In the village, I fell in love with one girl who was new in our company and was older than me. I then often thought about telling her about my feelings, but each time, when I was outside with her, I could not force myself to do this during our conversations. The fear of speech overpowered every time. It is interesting that I spoke normally when we talked about other topics, but as soon as I thought about telling the truth, I was immediately constrained by my insecurities. Many years of life had taught me that when I start talking in this state of consciousness, speech stutters are guaranteed. And I did not want her to know.
Because of this inability to confess my feelings to a girl, I for the first time seriously thought about suicide. “Seriously” means that I really decided that when I would be in Moscow, I would commit suicide by jumping from a tall building. It was not just a thought or fantasy; it was a firm decision. Something interesting happened after that. A few months ago, I watched a television show about palmistry, and how lines, or dots, crossing the life line, can mean a person’s death. Then in the village, sitting by the window of the Small House, I accidentally noticed that a spot appeared on the life line of my right palm, located not far from half the length of that line. At that moment, I clearly realized that I would really commit suicide and die if I would not change the course of my thoughts. I chose life, and the spot on my life line quickly disappeared.
Then I continued to fantasize very often, too often… If earlier it was a conscious action, a choice that I made during loneliness, then it was happening more and more as if by itself. I constantly dreamed of something, or someone, even while doing some work, for example, while repairing a motorcycle, or when I was repairing the roof of our house and terrace. Fictional stories covered up all the “bad” of my real life so perfectly that I simply could not live without them, because I no longer felt discomfort and fear. Needless to say, I fantasized about the girl I fell in love with and often accompanied those fantasies with masturbation… (I should add a clarification here so that everyone has a clear picture of what I mean when I talk about my negative habit of daydreaming in this particular book. During such fantasies, I began to “voice” the speech of imaginary characters in my head, “hearing” a muffled “voice” that I myself generate in my mind).
Once we had dinner in the kitchen of the Big House. We were eating there because my father had come for a visit. I think he drank alcohol then, and I made a speech about the harm from such alcohol consumption, and that psychology plays an important role in this addiction. It was a very clever speech for a teenager of my age, and my father jokingly mentioned this, noting that I did not take after him. I never studied psychology. I just as if “always”, or from birth, knew that truth, which I then told my father.
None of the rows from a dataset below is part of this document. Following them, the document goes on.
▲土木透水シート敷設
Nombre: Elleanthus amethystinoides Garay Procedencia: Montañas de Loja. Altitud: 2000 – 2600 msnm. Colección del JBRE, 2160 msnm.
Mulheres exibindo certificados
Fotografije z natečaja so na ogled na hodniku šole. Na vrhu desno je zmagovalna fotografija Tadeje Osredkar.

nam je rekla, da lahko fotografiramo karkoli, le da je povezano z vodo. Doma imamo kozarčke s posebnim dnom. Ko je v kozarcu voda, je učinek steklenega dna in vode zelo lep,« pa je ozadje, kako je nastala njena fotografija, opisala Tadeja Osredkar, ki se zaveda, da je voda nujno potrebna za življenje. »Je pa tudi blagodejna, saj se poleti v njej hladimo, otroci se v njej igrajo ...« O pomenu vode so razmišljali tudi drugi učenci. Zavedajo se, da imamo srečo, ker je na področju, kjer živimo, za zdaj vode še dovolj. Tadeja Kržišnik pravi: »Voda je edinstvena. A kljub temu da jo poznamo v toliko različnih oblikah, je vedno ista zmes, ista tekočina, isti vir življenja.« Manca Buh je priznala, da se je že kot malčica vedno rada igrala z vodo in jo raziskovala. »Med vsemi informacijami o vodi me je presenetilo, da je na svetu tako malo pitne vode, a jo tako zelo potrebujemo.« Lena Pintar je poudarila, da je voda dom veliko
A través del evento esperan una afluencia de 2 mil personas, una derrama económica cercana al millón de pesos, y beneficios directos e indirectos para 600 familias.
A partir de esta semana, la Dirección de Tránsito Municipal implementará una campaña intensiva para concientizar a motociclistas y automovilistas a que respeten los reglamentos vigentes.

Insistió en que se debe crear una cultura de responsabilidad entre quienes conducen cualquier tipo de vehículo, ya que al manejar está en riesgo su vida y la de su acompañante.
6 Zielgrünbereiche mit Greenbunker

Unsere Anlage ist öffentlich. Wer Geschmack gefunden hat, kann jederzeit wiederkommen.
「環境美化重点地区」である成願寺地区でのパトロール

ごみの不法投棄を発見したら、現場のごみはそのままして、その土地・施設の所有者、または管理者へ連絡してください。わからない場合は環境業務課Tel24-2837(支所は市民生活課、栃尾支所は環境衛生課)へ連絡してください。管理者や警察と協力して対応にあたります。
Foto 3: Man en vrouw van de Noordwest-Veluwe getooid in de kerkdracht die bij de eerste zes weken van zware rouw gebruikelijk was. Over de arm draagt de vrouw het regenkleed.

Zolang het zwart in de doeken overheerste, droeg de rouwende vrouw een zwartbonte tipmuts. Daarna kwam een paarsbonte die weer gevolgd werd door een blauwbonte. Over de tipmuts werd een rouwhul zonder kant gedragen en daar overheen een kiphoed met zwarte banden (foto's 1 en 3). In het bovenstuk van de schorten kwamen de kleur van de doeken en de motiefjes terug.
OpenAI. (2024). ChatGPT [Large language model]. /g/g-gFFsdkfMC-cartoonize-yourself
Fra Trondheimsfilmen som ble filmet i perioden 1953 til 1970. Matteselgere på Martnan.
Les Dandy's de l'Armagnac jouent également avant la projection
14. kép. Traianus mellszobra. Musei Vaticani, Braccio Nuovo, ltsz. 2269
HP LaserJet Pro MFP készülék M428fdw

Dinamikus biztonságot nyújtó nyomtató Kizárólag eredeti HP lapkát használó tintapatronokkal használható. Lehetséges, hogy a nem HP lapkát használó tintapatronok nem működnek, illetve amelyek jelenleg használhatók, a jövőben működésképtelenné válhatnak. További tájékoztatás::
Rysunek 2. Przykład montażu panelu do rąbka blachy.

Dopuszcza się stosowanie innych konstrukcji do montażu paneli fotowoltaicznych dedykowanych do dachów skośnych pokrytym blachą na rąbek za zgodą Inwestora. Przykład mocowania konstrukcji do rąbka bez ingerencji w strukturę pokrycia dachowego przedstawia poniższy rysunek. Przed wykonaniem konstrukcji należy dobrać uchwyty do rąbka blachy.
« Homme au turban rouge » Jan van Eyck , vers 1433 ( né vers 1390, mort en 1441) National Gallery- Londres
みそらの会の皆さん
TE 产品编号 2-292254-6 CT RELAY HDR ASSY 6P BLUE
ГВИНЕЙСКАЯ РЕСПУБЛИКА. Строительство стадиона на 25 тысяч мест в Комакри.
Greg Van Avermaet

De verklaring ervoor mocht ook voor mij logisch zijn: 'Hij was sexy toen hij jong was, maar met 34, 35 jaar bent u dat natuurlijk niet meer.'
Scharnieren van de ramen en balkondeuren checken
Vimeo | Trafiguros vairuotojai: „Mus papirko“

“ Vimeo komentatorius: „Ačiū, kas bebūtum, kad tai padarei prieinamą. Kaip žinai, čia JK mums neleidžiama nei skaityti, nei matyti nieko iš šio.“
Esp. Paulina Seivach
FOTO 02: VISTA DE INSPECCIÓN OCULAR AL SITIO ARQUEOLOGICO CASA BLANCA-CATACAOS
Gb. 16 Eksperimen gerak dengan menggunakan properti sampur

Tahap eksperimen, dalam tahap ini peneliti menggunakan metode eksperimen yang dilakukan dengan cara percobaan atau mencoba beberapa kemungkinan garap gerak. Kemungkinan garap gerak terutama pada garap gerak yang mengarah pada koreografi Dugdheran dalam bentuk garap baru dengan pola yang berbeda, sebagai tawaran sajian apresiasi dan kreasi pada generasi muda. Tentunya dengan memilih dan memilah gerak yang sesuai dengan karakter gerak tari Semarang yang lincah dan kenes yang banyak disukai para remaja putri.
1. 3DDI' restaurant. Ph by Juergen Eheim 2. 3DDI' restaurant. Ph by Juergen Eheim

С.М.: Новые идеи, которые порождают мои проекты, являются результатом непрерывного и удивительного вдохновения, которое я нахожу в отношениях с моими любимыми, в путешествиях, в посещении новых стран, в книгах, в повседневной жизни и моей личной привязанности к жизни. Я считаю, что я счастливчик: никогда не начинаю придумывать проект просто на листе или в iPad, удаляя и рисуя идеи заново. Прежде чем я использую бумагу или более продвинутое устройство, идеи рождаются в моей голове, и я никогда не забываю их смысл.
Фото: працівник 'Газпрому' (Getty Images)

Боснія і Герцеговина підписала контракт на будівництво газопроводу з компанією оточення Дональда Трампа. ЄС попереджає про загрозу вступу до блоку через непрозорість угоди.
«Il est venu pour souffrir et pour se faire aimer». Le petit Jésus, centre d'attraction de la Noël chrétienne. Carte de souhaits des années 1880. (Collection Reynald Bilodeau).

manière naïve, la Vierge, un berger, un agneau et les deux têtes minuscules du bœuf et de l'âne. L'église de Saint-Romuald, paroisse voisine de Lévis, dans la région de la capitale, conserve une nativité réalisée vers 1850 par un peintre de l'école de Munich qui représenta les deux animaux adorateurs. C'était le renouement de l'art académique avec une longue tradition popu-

This was not the only time I had knowledge of something that I had never read or heard about in my life. Once in Moscow, while still at school, I watched a television program about the secrets of death, and at the end of that program, the announcer said along a black screen, that after death we simply cease to exist. I immediately knew that this simply could not be true. If this were true, then it would mean that we are simple robots, and robots cannot identify themselves – they cannot say “I am” because they really think so, and not because in the past they were programmed by someone to say that. In the following years, when I was dealing with programming, I found even more confirmation of the correctness of that knowledge, but it is still difficult for me to express that truth with words so that everyone understands what I mean. And considering the fact that many modern serious scientists really believe that robots can gain consciousness, means that not all readers will understand me.